If the dataframe is to be saved, table_name is expected. If a table_name is passed, it is MANDATORY to set adls_name, container and schema. schema_suffix can be avoided, but will be handled with those configurations.
launch_reference, scala_run_id and other_conf are optional, and if missing will be ignored.
Args
spark
:SparkSession
- current spark session.
sdf
:Optional[DataFrame]
, optional- dataframe to save as a temporary view. Defaults to None.
view_name
:Optional[str]
, optional- view name for the dataframe; unused if sdf is not provided. Defaults to None.
select_cols
:Optional[List[str]]
, optional- columns to keep from sdf; unused if sdf is not provided. Defaults to None.
round
:bool
, optional- whether to round double columns in sdf; unused if sdf is not provided. Defaults to False.
table_name
:Optional[str]
, optional- name of the table where data in sdf will be saved. Defaults to None.
adls_name
:Optional[str]
, optional- name of the datalake holding the container, schema and table where data in sdf will be written; unused if table_name is not provided. Defaults to None.
container
:Optional[str]
, optional- name of the container holding schema and table where data in sdf will be written; unused if table_name is not provided. Defaults to None.
schema
:Optional[str]
, optional- schema holding the table where data in sdf will be written; unused if table_name is not provided. Defaults to None.
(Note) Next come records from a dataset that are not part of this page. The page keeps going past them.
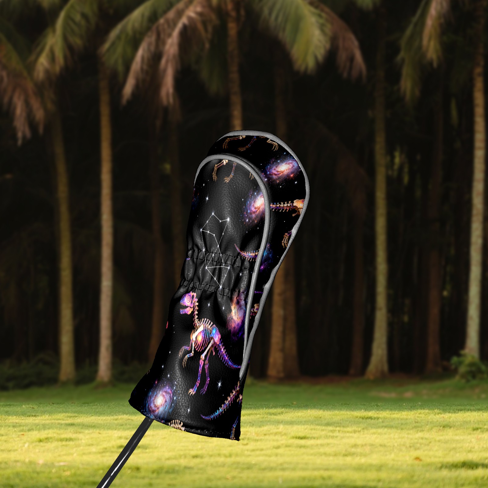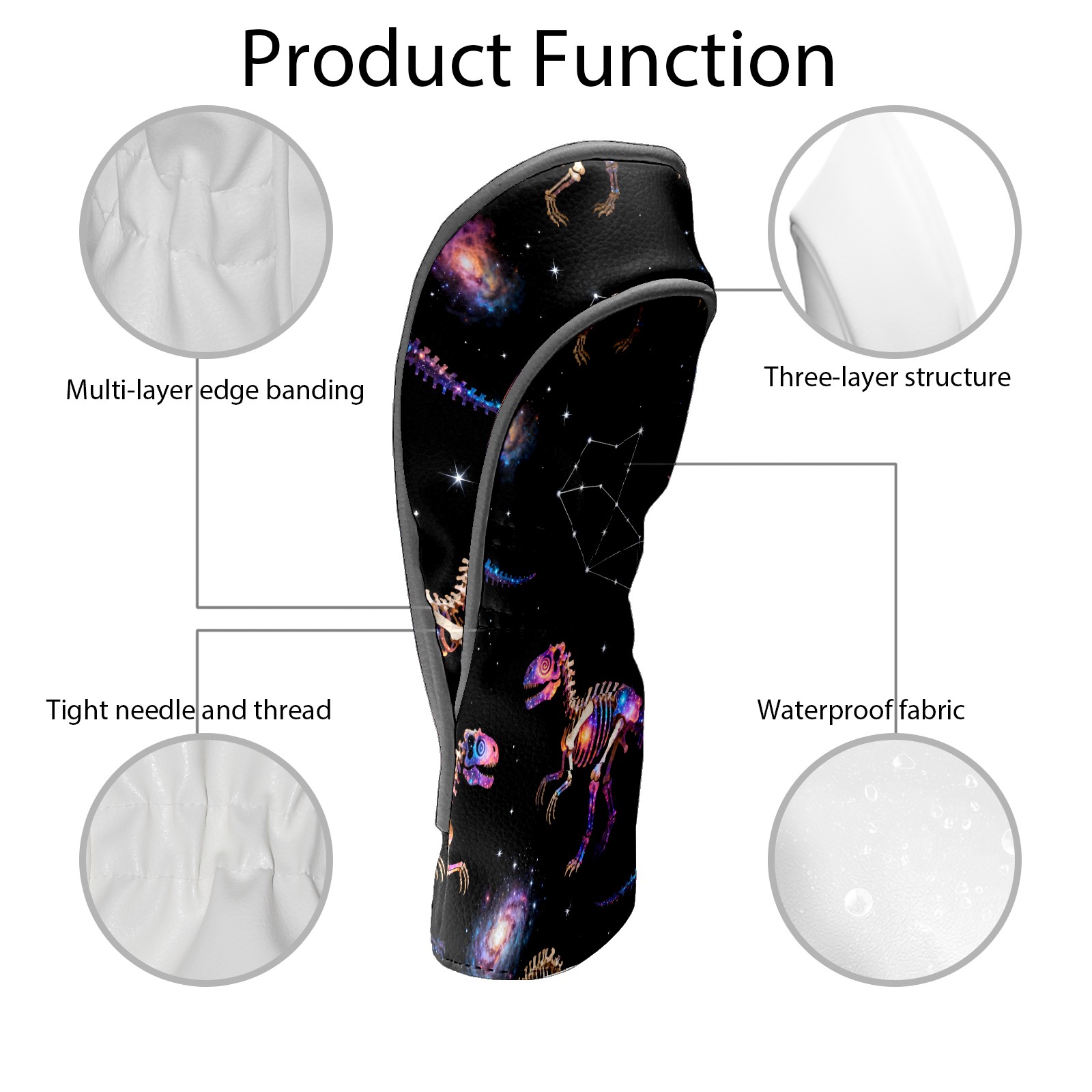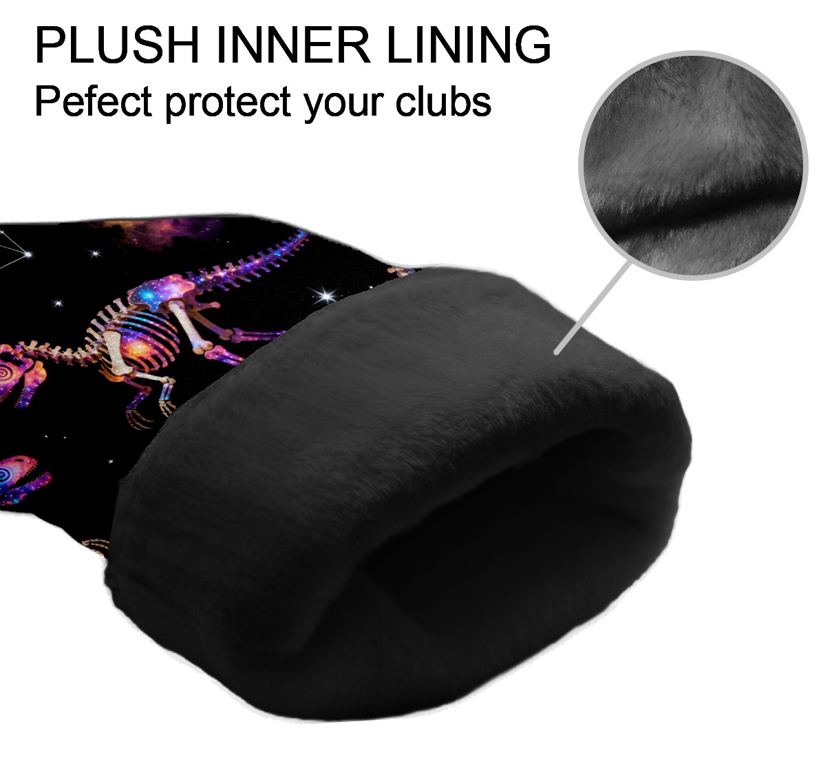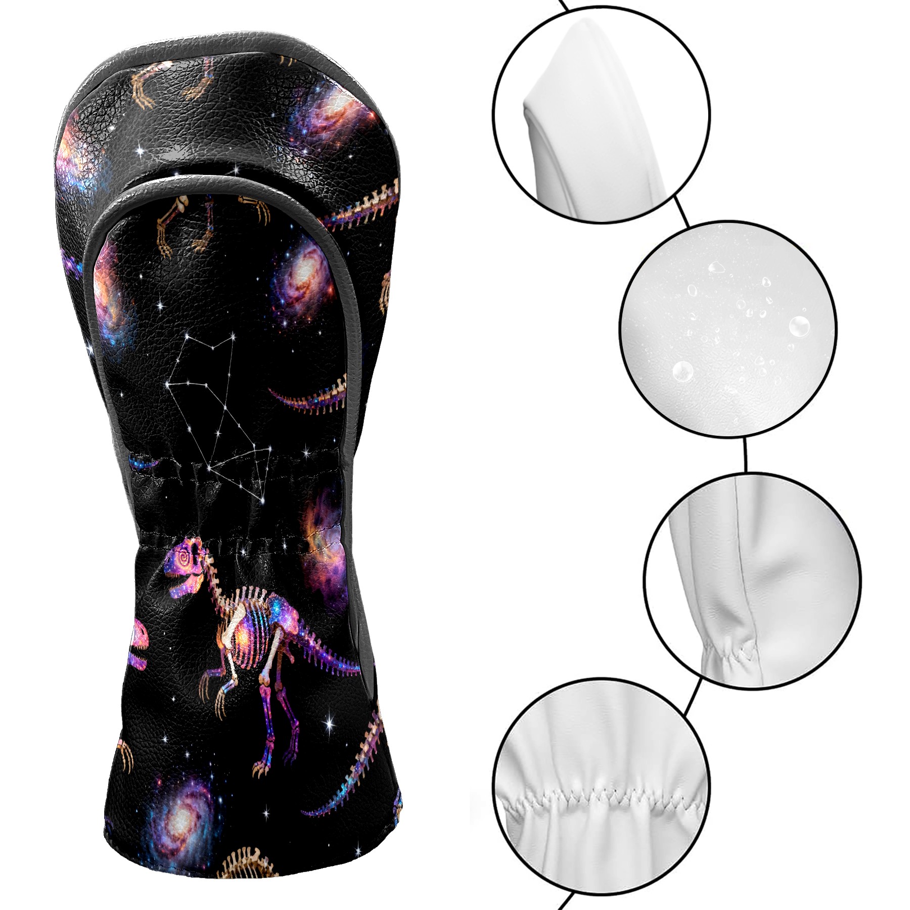 Golf Club Head Covers Black Dinosaur for Driver, Hybrid, Putter - Waterproof, Velvet Lining, Gift for Men & Women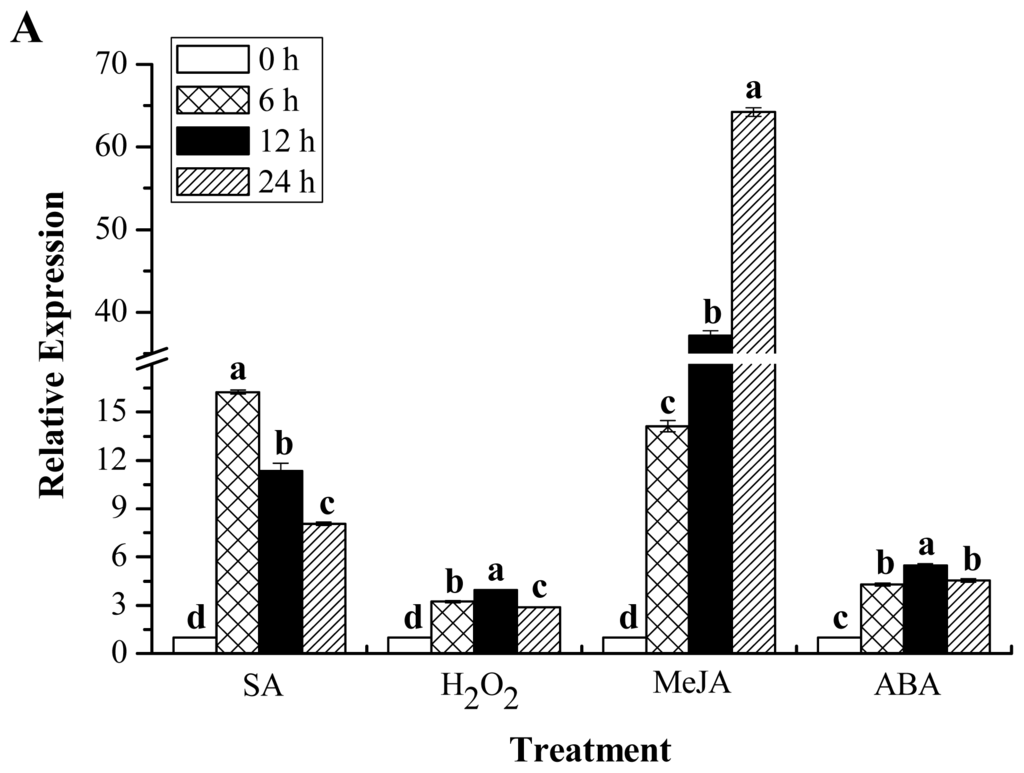 Furthermore, Yacheng05–179 plantlets under the stresses of 5 mM SA, 10 mM H2O2 (hydrogen peroxide), 25 μM MeJA, 100 μM ABA, 250 mM NaCl, 100 μM CuCl2, 25% PEG (polyethylene glycol) and 4 °C low temperature were carried out to examine the expression profiles of ScChi response to these stresses. As shown in Figure 10, the ScChi transcript was strongly induced by all of these exogenous stresses, including different plant hormones, oxidative stress, hyper-osmotic stress, metal stress, as well as temperature stress. It is interesting that under all the above abiotic treatments, ScChi showed a positive response in the early time of the stresses and maintained an increased transcript from 0 to 12 h or even to 24 h in the same cases of MeJA, NaCl and CuCl2 stresses.
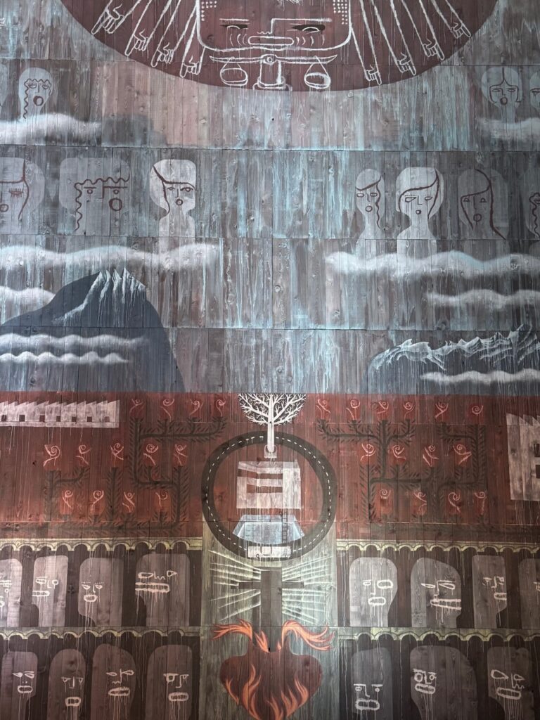 Das Bild aber ist mehrdeutig. Die „Waagschale, der maßgeregelte Baum, die Drehscheibe des Lebens, das heiße Herz Jesu“, beschrieben von Uwe Jäntsch, entziehen sich der Entzauberung durch Klarheit. Was wird er als nächstes malen? Hätte ich einen Wunsch frei, wäre es die Bergpredigt.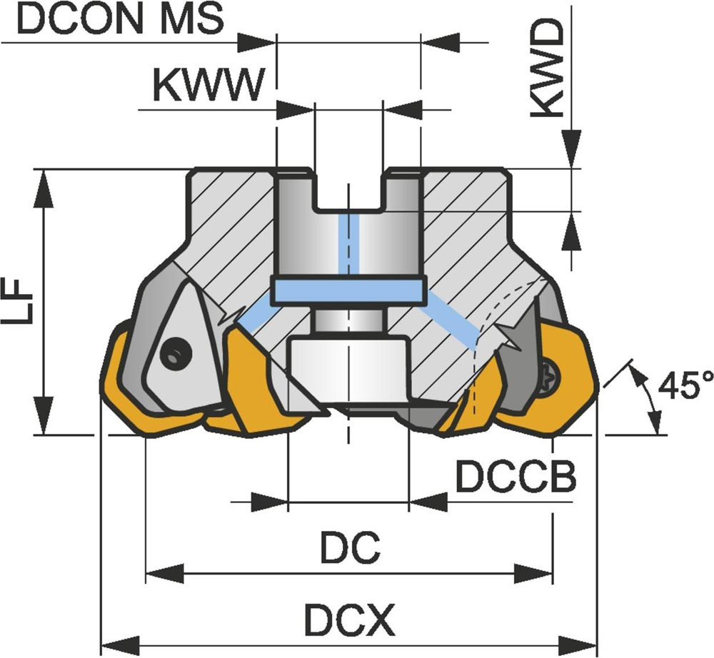 Planfräser mit doppelt negativer Geometrie zum spannen von 10 Stück HNGX 0906AN.. oder XNGX 0906AN.. doppelseitigen Wendeschneidplatten · Schnittdurchmesser 125 bis maximal 136.7mm mit 45° Anstellwinkel und 40mm Verbindungsbohrung gemäß DIN 8030-A · 63mm Überstandslänge · Kühlkanalbohrung und ungleiche Teilung zum Planfräsen · Rampen · progressiven Eintauchen und Entgratfräsen mit einer maximalen Schnitttiefe von 5.0mm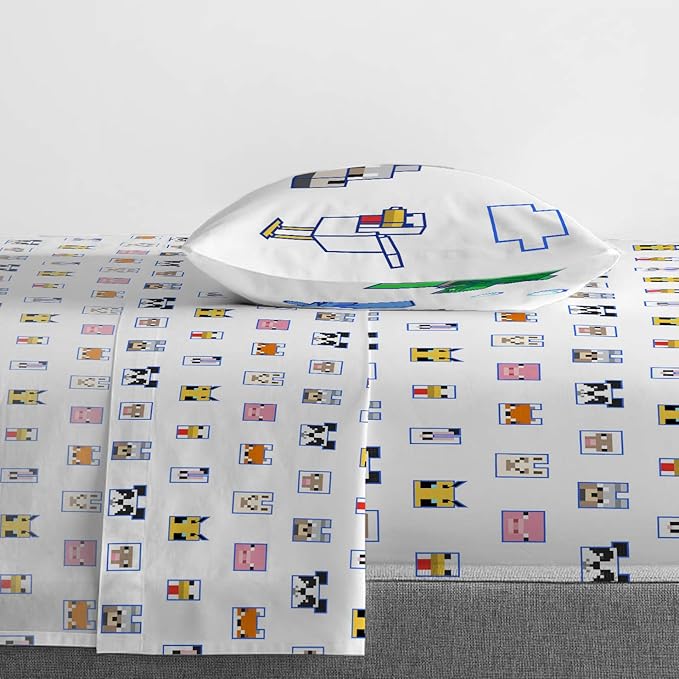 Jay Franco Minecraft Animal Patch 5 Piece Twin Bed Set - Includes Comforter & Sheet Set Bedding - Super Soft Fade Resistant Microfiber (Official Minecraft Product)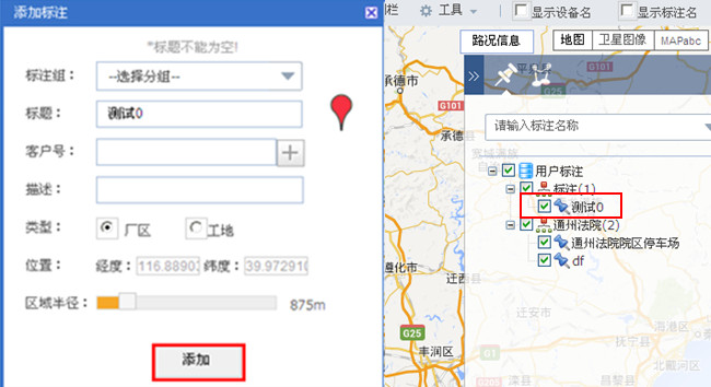 在添加标注弹出框中,输入标题, 选择好区域半径,点击“添加”如图12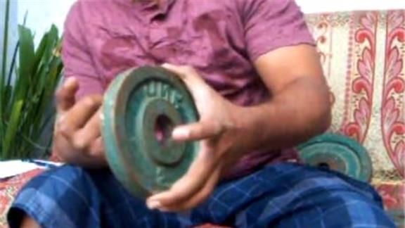 Kamal Aslam performed ten Kryptonite card cuts in 30 seconds while holding a 5-pound exercise plate on his pinky finger and a 15-pound exercise plate on his index finger.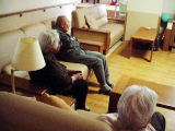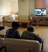 2階午前中の居間でのひとときです。毎日、午前10時頃にジュースやコーヒーなどの飲み物を飲む時間を作り、テレビを見たり会話を楽しみながらゆったりとした時間を過ごしています。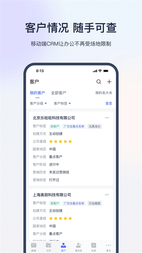 客户信息、往来邮件、跟进记录随时随地查,一键写信、团队共享,商机不漏,客户背调也方便。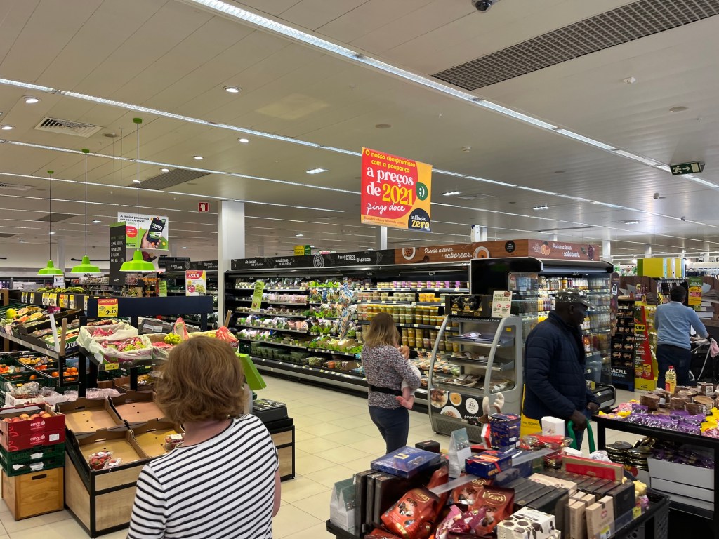 A sudden hankering for the gelato place we just passed makes us park and as we’re strolling around a corner we happen upon the holy grail of grocery quests – a mega-sized version of Pingo Doce! I could spend weeks here and that isn’t too much of an exaggeration. We’re total supermarket nerds.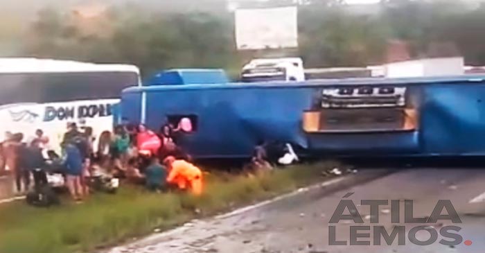 Ônibus tomba e deixa 18 feridos; vídeo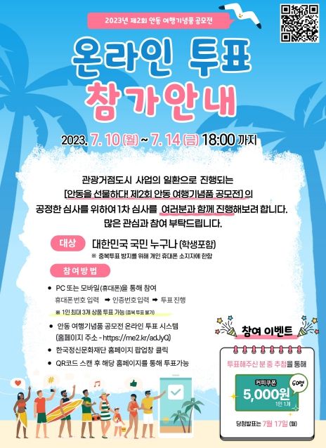 온라인 투표는 누구나 참여 가능하다. 출품작 이미지와 설명을 참고해 안동 관광을 대내외에 홍보하고 관광객의 구매력을 높일 수 있는 작품에 3개씩 투표할 수 있다. 전화번호 인증 방식을 사용하기 때문에 투표 기회는 1회만 주어져 공정성을 높였고, 투표 참가자 중 무작위로 60명을 추첨해 5,000원 상당의 커피 쿠폰을 제공할 예정이다.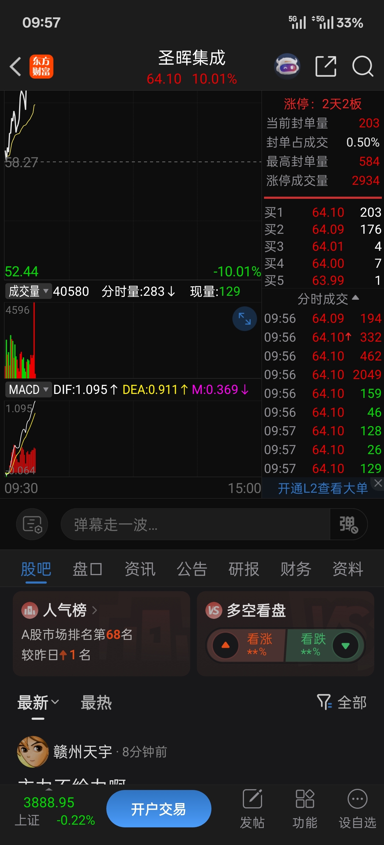 $圣晖集成(SH603163)$ 你是真牛皮,300手就封涨停?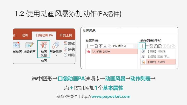 1.2 使用PA插件的动画风暴功能添加1个基本属性动作。PA插件的获取方法请看上图底部文字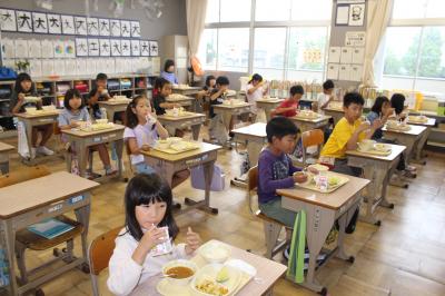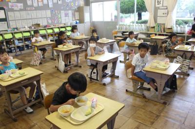 2023年6月30日 13時17分今日は朝からずっと雨です。途中、警報級の激しい雨も降って、外遊びはお預けでした。しかし、今日の給食は「カレー」です。みんな大好き「カレー」です。モヤモヤした天気を振り払うような笑顔で、おいしそうに食べる子どもたちでした。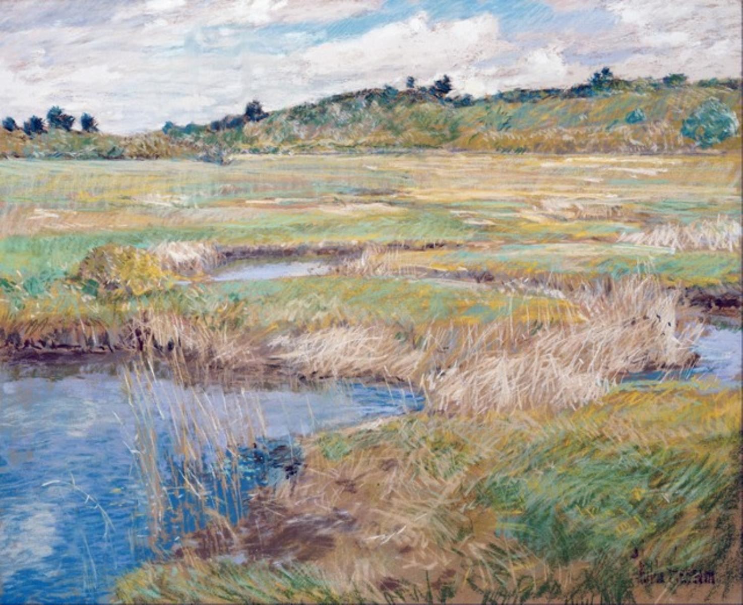 Artist: Childe Hassam - Title:The Concord Meadow - Medium: Fine Art Giclee on Canvas - Image Size: Approximately 26 inches x 32 inches - Framed: Unframed on Unstretched Canvas - Biography: Childe Hassam was a leading American impressionist painter and printmaker. The son of a prosperous hardware merchant and antique collector, Hassam (christened Frederick Childe Hassam) was born in 1859 near Boston. In 1872 a great fire in Boston destroyed his father's business, forcing Hassam to leave school. He found a job with a publishing firm, but having little talent for business, he began work as an apprentice to a wood engraver and later created illustrations for such magazines as Harper's and The Century.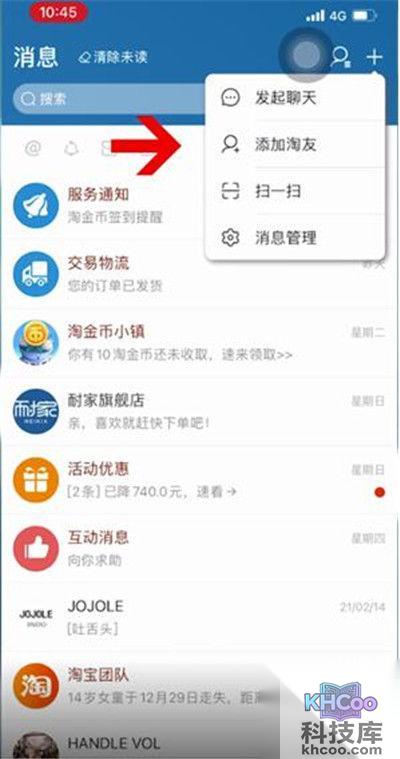 在消息页面的右上方大家可以看到一个加号我们点击这个加号会出现几个选项,添加淘友就在其中。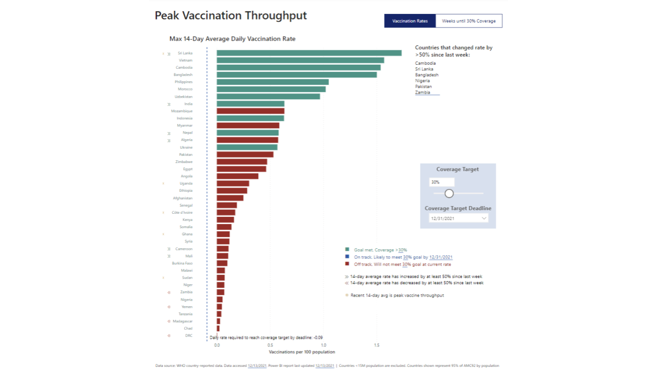 To meet the equitable distribution goal, the organization was targeting 30% vaccine coverage in all countries by the end of 2021. Goal-tracking visualizations showed countries reaching, on track or at-risk for meeting that goal based on vaccination rates, allowing policy teams to adjust tactics to reach goals on a country-by-country basis.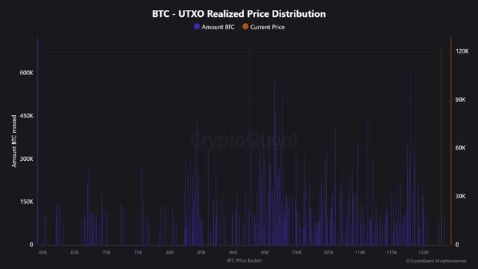 Almost no on-chain resistance remains at these levels ๐ Bitcoin is within striking distance of its all-time high, with little historical supply overhead to slow it down.

- schema_suffix (Optional[Literal["_of", "_oi", ""]], optional): schema suffix; unused if table_name is not provided. Defaults to None.
launch_reference
:Optional[str]
, optional- current launch reference. Defaults to None.
scala_run_id
:Optional[str]
, optional- run id for the scala writing. Defaults to None.
other_conf
:Optional[Dict[str, Any]]
, optional- optional configurations. Defaults to None.
Raises
ValueError
- if an sdf is passed, a view_name must be provided.
ValueError
- if table_name is provided, also adls_name, container and schema must be provided.